**EXERCISE AIM:** Quote only the span from the first line of the entries to the line containing "FIG.7 JEAN RANC", both ends kept. Leave every picture out.

**Collected data entries:**
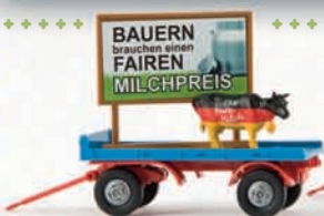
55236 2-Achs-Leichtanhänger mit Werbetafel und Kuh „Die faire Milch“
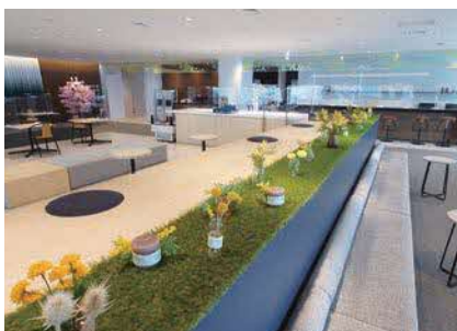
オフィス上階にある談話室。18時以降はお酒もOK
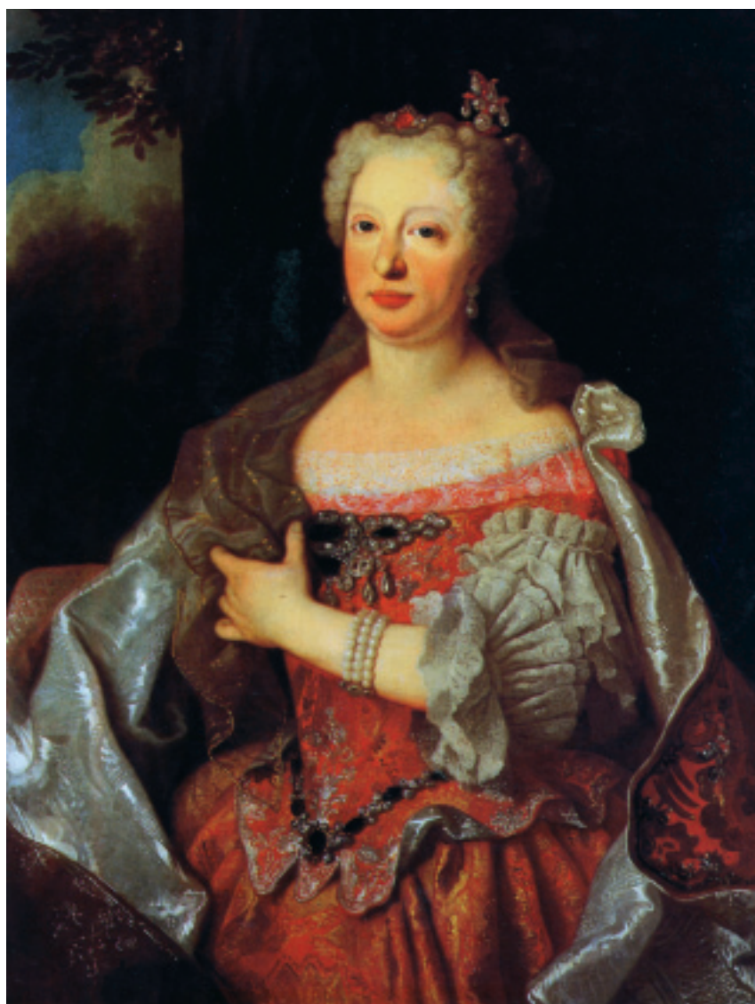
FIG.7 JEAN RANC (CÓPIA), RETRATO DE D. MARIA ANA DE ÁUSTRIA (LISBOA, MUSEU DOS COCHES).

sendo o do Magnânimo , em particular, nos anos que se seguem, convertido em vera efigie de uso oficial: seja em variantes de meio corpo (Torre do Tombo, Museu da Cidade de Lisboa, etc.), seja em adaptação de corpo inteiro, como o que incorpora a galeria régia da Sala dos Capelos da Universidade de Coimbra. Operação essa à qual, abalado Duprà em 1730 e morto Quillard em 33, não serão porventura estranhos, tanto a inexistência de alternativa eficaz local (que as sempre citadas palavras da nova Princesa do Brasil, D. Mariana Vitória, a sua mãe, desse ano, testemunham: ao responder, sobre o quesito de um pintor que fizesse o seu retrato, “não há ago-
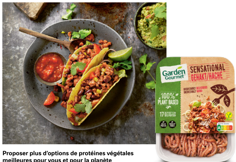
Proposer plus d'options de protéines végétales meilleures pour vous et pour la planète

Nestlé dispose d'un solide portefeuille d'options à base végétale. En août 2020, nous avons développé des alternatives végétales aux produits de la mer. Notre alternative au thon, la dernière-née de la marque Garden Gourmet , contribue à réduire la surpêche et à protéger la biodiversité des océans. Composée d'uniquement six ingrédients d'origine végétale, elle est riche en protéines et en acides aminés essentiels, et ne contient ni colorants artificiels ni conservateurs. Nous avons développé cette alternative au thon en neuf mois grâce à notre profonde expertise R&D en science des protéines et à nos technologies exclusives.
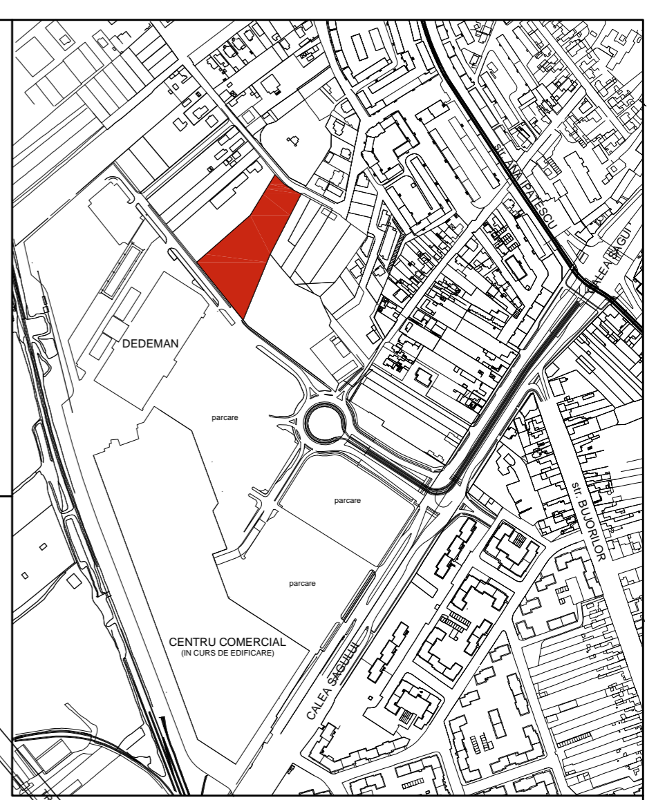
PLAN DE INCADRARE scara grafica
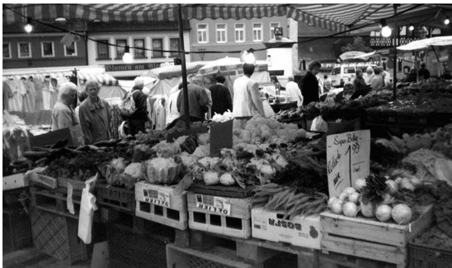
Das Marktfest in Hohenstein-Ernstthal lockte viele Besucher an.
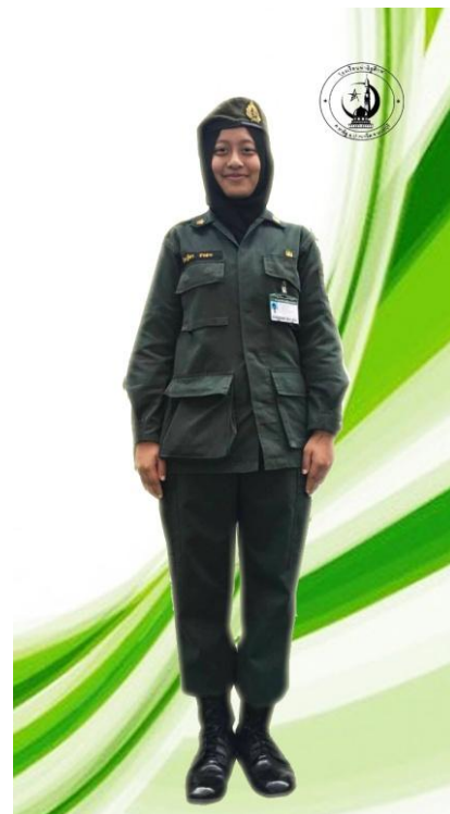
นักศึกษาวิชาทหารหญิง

**FINISHED TASK:**
55236 2-Achs-Leichtanhänger mit Werbetafel und Kuh „Die faire Milch“
オフィス上階にある談話室。18時以降はお酒もOK
FIG.7 JEAN RANC (CÓPIA), RETRATO DE D. MARIA ANA DE ÁUSTRIA (LISBOA, MUSEU DOS COCHES).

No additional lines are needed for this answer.